**DIRECTIONS**
No picture belongs in the copy. Repeat each line below exactly.

**DATA SEGMENT**

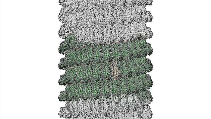 A laboratory model depicts a small, simplified segment of the protein structure of cannulae. (Conticello lab)
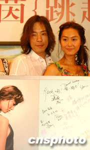 圖:香港明星朱茵EP“跳起來(lái)”唱片面世。 2002年07月17日 18:39 ![]() 香港明星朱茵EP“跳起來(lái)”唱片十八日面世。這張唱片專輯由黃貫中監(jiān)制,共收錄七首歌曲。圖為十七日朱茵與黃貫中在香港出席“跳起來(lái)”發(fā)布會(huì)。中新社傳真 潘索菲 攝
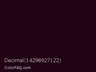 Decimal 14298927122 Color is a almost black magenta color and the nearest color is Night Rider #1f120f. Hex code #210314 and RGB value is rgb(33,3,20). In RGB color space, this color is composed of 13% red, 1% green, 8% blue, In CMYK color space, this color is composed of 0% cyan, 91% magenta, 39% yellow , 87% black , In HSL color space, this color has a hue angle of 326° , 83% saturation and 7% lightness.
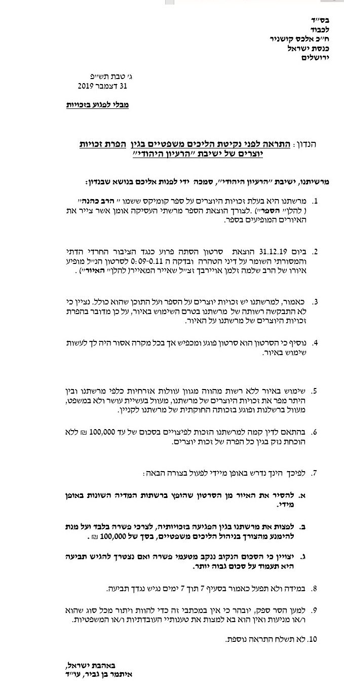 קושניר נדרש במכתב להסיר את האיור מן הסרטון שהופץ ברשתות המדיה השונות באופן מיידי, וכו לפצות את ישיבת הרעיון היהודי בגין הפגיעה בזכויותיה בסכום של 100,000 ₪.

**TASK OUTPUT**
 A laboratory model depicts a small, simplified segment of the protein structure of cannulae. (Conticello lab)
 圖:香港明星朱茵EP“跳起來(lái)”唱片面世。 2002年07月17日 18:39 ![]() 香港明星朱茵EP“跳起來(lái)”唱片十八日面世。這張唱片專輯由黃貫中監(jiān)制,共收錄七首歌曲。圖為十七日朱茵與黃貫中在香港出席“跳起來(lái)”發(fā)布會(huì)。中新社傳真 潘索菲 攝
 Decimal 14298927122 Color is a almost black magenta color and the nearest color is Night Rider #1f120f. Hex code #210314 and RGB value is rgb(33,3,20). In RGB color space, this color is composed of 13% red, 1% green, 8% blue, In CMYK color space, this color is composed of 0% cyan, 91% magenta, 39% yellow , 87% black , In HSL color space, this color has a hue angle of 326° , 83% saturation and 7% lightness.
 קושניר נדרש במכתב להסיר את האיור מן הסרטון שהופץ ברשתות המדיה השונות באופן מיידי, וכו לפצות את ישיבת הרעיון היהודי בגין הפגיעה בזכויותיה בסכום של 100,000 ₪.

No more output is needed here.